Yusuf Akçura’nın Kazan’ın bir köyünde yazdığı "Üç Tarz-ı Siyaset" başlıklı makalenin Kahire’de yayımlanan Türk adlı gazetede basılması üzerine Bakü’den gönderdiği ve gazetenin 24 Kasım 1904 tarihli sayısında yayımlanan "Mektub-ı Mahsus" başlıklı yazıyla Ali Bey de tartışmalara katılır, bu yazısı içinde bulunan Turan başlıklı manzume ile Turan kavramını gündeme getiren ilk kişi olur. O, bu yazıda kullandığı “Turan”ı adıyla birlikte kullanır ve daha sonra soyadı olarak alır.
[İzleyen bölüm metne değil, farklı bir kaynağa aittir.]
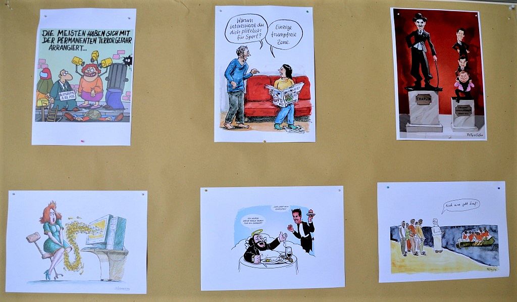 „Die Ausstellung präsentiert ganz unterschiedliche Stile“, so Jan Michaelis, Cartoonist und Organisator der Ausstellung. „Es gibt hyperrealistische Werke, Mehrbildwitze oder den Comicstil.“ Er selbst arbeitet gerne mit Wortspielen. „Der Wortwitz ist ein fester Bestandteil bei Cartoons.“ Viele der rund 30 ausstellenden Künstler stammen aus dem Rheinland. Doch man findet auch Zeichnungen aus Russland, Rumänien und der Schweiz. „Vor allem in letzter Zeit haben die Zusendungen von Frauen zugenommen. Wir bekommen Werke aus dem Iran, aus China und der Türkei.“

Gaspıralı İsmail Bey’in uzun yıllardır “Dilde, Fikirde, İşte Birlik” baş sözüyle yayımlamayı başardığı Tercüman yanında Ali Bey’in çıkardığı Hayat gazetesi ve Füyuzat dergisi ile St. Petersburg’da Abdurreşid İbrahim tarafından çıkarılan Ülfet, Pantürkizm fikrini yaymakta idi. Gerçek anlamda Türkçe yayın organı olarak Bahçesaray’da yayımlanan Tercüman, Kahire’de yayımlanan Türk, Orenburg’da çıkan Vakit gazeteleri ve Bakü’de yayımlanan Hayat gazetesi ile Füyuzat dergisi kabul ediliyordu.
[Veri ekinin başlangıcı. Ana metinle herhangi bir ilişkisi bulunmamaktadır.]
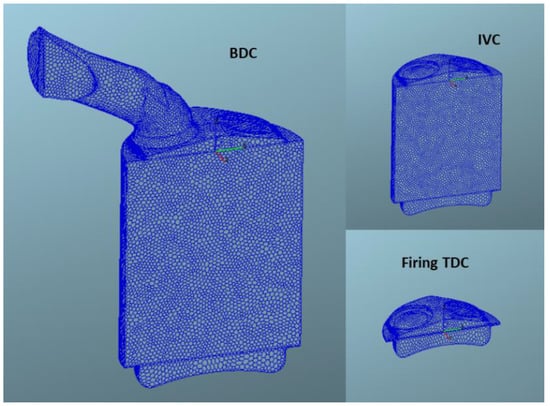 A 3D computational model, previously built by means of the commercial code AVL Fire, was used to reproduce some 1D results. Briefly, a first-order (Euler) implicit differencing scheme was used for time discretization, while second-order schemes were used for both continuity and momentum equations. An upwind scheme was used for both turbulence and energy equations. Turbulent effects were modeled using the well-known k-ε approach. This model was widely used in the past to reproduce the behavior of the same engine running with gasoline, obtaining very reliable results [32]. It was adapted to the ammonia–hydrogen engine operation referring to the Nakamura mechanism previously described. Thus, different chemical species were considered during the simulations, and the fuel oxidation process was simulated by means of a chemical–kinetic approach. The engine mesh, reported in Figure 3, reproduces only half geometry due to the symmetry of the engine geometry. The minimum number of the grid cells is about 50,000 (firing TDC), while the maximum number is approximately 350,000 (BDC during the intake stroke). Boundary and initial conditions were set by utilizing the computations provided by the 1D model previously depicted. In the inlet runner, a premixed air–fuel mixture was considered.

32 sayı çıkabilen Füyuzat, Azerbaycan kültür ve edebiyat hayatında son derece etkili olmuştur. Bu etki, sanat ve edebiyat alanında olduğu gibi Türkçülük alanında da görülür ve hatta bu alandaki etkisi diğerlerine göre daha derin olur.
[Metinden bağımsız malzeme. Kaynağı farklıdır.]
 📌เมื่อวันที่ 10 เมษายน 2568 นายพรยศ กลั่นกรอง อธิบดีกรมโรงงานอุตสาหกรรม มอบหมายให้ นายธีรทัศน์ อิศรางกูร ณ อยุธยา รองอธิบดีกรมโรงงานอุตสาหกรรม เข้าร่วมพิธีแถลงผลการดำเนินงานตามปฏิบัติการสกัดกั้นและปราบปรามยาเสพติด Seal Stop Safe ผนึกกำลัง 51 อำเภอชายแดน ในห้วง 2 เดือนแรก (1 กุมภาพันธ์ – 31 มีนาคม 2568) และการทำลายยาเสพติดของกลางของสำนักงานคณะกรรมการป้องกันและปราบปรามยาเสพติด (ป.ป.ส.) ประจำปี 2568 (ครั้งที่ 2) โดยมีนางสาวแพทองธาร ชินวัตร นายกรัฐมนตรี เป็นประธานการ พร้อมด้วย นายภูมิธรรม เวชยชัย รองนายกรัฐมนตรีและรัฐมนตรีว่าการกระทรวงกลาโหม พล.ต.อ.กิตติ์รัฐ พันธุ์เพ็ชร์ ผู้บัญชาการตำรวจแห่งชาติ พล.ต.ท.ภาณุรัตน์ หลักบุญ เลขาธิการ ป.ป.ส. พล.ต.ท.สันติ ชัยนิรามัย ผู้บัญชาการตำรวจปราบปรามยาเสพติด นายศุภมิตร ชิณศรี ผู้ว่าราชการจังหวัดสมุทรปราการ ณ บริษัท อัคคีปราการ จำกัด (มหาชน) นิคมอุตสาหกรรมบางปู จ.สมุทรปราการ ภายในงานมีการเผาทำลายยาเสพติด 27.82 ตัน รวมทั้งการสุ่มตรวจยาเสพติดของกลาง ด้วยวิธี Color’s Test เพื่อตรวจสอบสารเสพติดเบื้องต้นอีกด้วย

Bütün bu çalışmalar, çağın gereklerine uygun olarak aydınlar arasında soya ve millî kültüre dayalı bir Türk milliyeti anlayışının canlanıp güçlenmesine yöneliktir. 19. yüzyılda başlayan Türklük araştırmaları, Türkçe sözlüklerin ve dil bilgisi kitaplarının yazılması, dünyadaki Türklük Bilimi araştırmalarının Türk aydınları tarafından da izlenmesi ve Türkçeye çevrilmeye başlanması, Osmanlı aydınlarının Osmanlı dışındaki Türk varlığından haberdar olmaya başlamaları, Türk yurtlarından, özellikle Kazan, Kırım ve Azerbaycan’dan gelen öncü aydınların faaliyetleri ve etkileri dolayısıyla bir Türklük/Türkçülük düşüncesi doğmaya ve özellikle genç kitleyi etkisi altına almaya başlar. Bu düşüncenin taraftarlarının birinci görevi ve ilk başarısı da Türk kavramının öncelikle aydınlar tarafından benimsenmesi için çaba göstermek, Osmanlı elitinin aşağıladığı Türk halkına görkemli tarihini hatırlatıp yüzyıllar boyu örselenen, kent merkezlerinden kovulan, konar-göçer ve dağlı Türkmenlere ait olarak düşünülen bu kimliğe şerefle sahip çıkılmasını sağlamaktı. Namık Kemal’in haykırarak ilan ettiği “Vatan” kavramı ile Mehmet Emin’in “Ben, bir Türk’üm dinim cinsim uludur” dizesiyle yine haykırarak ilan ettiği millet kavramının yeni anlamı birleşti ve bu iki kavramın verdiği yeni heyecanlar, Türk aydınını da çağdaş dünyanın yaşadığı millet çağına taşıdığı gibi insanların yeni ufuklara yönelmesi, yeni amaçlar peşinde yürümesi sonucunu doğurdu.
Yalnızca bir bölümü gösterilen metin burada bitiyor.